__Your objective__. The data should be written out in full, exactly as it stands, and the pictures dropped.
*** Data ***
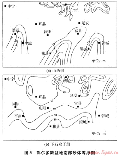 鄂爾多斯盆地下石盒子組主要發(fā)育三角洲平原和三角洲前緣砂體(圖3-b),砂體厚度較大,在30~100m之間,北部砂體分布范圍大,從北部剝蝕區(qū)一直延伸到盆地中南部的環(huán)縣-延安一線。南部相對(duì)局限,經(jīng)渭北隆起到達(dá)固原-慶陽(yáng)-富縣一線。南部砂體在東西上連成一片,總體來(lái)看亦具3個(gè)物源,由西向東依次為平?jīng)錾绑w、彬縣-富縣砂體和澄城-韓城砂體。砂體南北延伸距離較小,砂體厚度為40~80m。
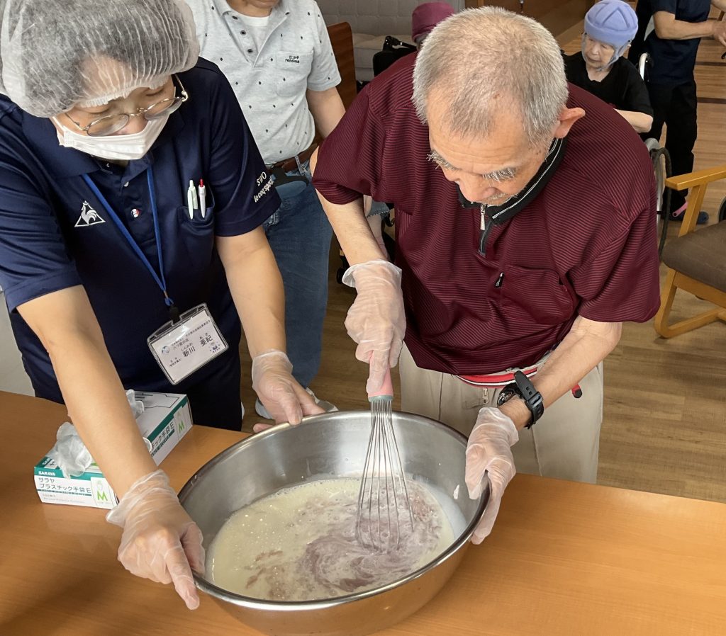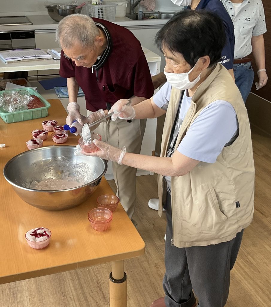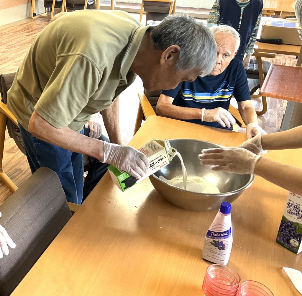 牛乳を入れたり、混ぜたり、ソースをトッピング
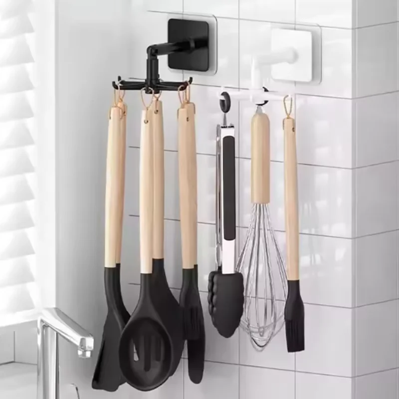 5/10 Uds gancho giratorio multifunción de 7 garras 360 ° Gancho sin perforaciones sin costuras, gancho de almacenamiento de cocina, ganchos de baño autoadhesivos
*** End of Data ***
__Problem solution__.
 鄂爾多斯盆地下石盒子組主要發(fā)育三角洲平原和三角洲前緣砂體(圖3-b),砂體厚度較大,在30~100m之間,北部砂體分布范圍大,從北部剝蝕區(qū)一直延伸到盆地中南部的環(huán)縣-延安一線。南部相對(duì)局限,經(jīng)渭北隆起到達(dá)固原-慶陽(yáng)-富縣一線。南部砂體在東西上連成一片,總體來(lái)看亦具3個(gè)物源,由西向東依次為平?jīng)錾绑w、彬縣-富縣砂體和澄城-韓城砂體。砂體南北延伸距離較小,砂體厚度為40~80m。
 牛乳を入れたり、混ぜたり、ソースをトッピング
 5/10 Uds gancho giratorio multifunción de 7 garras 360 ° Gancho sin perforaciones sin costuras, gancho de almacenamiento de cocina, ganchos de baño autoadhesivos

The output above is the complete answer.